La fin d’une époque pour le Dock des Suds, emblème culturel marseillais
Par La rédactionPublié le
Depuis près de trente ans, le Dock des Suds a rythmé les nuits marseillaises, accueillant concerts, expositions et fêtes mémorables. Mais ce chapitre touche à sa fin : le 31 mars 2025, ce lieu mythique fermera ses portes. L’ancien hangar portuaire, situé dans le quartier d’Arenc, sera transformé en école de formation au numérique, gérée par La Plateforme, avant une éventuelle reconversion culturelle. Une décision qui sonne comme un adieu à un symbole de liberté artistique et de mixité sociale.
Jacques Lantelme, président de l’association Latinissimo, qui anime les lieux depuis 1997, évoque avec amertume cette fin précipitée. "On n’allait pas partir comme ça…", murmure-t-il, tandis que les équipes préparent une ultime fête pour clore l’aventure. Malgré les promesses de la ville de préserver une vocation culturelle, le propriétaire, Euroméditerranée, a choisi une transition pragmatique. Pour Lantelme et son équipe, c’est la fin d’un combat épuisant. "On va tout démonter et partir."
Un lieu chargé d’histoire et d’émotions
L’âme du Dock réside dans ses murs, imprégnés de mille souvenirs. Le hall principal, avec son lustre rococo et son ambiance postindustrielle, a vu défiler des générations d’artistes et de festivaliers.

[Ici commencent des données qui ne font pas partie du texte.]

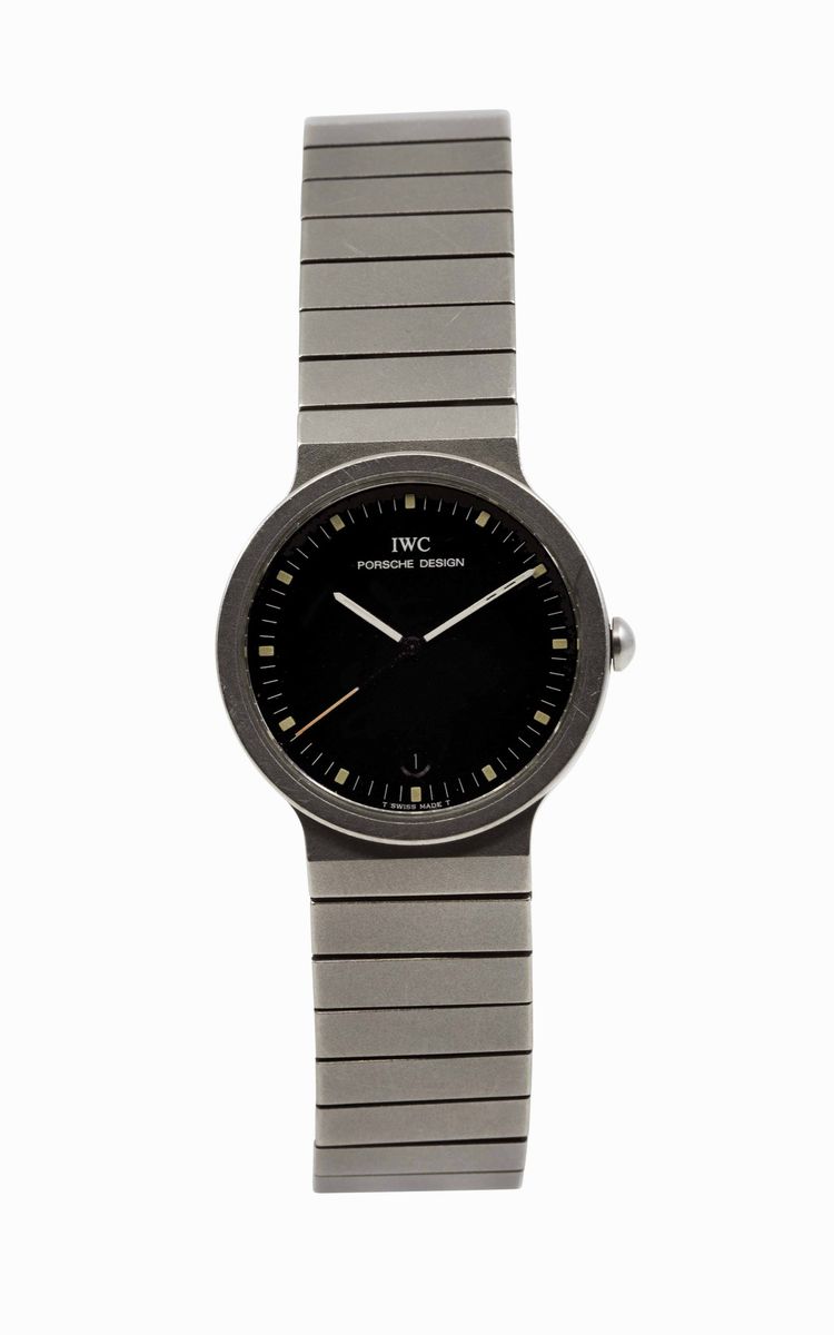 IWC, Porsche Design, orologio da polso, in titanio, al quarzo con datario e bracciale originale. Realizzato nel 1980 circa

La salle des Sucres, le Cabaret rouge aux airs de club berlinois, ou encore le bar à coquillages installé dans un pointu traditionnel : chaque recoin raconte une histoire. Ninie, technicienne depuis trente ans, confie : "Quand il va fermer, une partie de mon âme va partir avec lui."
Tout commence en 1997, quand Latinissimo, organisateur du festival nomade Fiesta des Suds, s’installe dans ce hangar désaffecté. À l’époque, Arenc est une friche industrielle, terrain de jeu idéal pour des militants associatifs comme Bernard Aubert ou Florence Chastanier. "On avait un élan, un esprit. Tout était possible." Le Dock devient un laboratoire culturel, mêlant musiques du monde, électro, raï, et même des défis improbables entre la Force basque et les dockers marseillais.
Un lieu de toutes les audaces
La programmation éclectique attire autant les stars internationales que les talents locaux. Patti Smith, Gilberto Gil, IAM, Manu Chao ou encore Alain Bashung, dont le concert sous une passerelle autoroutière reste gravé dans les mémoires. En 2005, un incendie ravage les lieux, mais l’équipe relève le défi en rouvrant quarante-quatre jours plus tard. "On était totalement inconscients", sourit Marc Aubergy, ancien président.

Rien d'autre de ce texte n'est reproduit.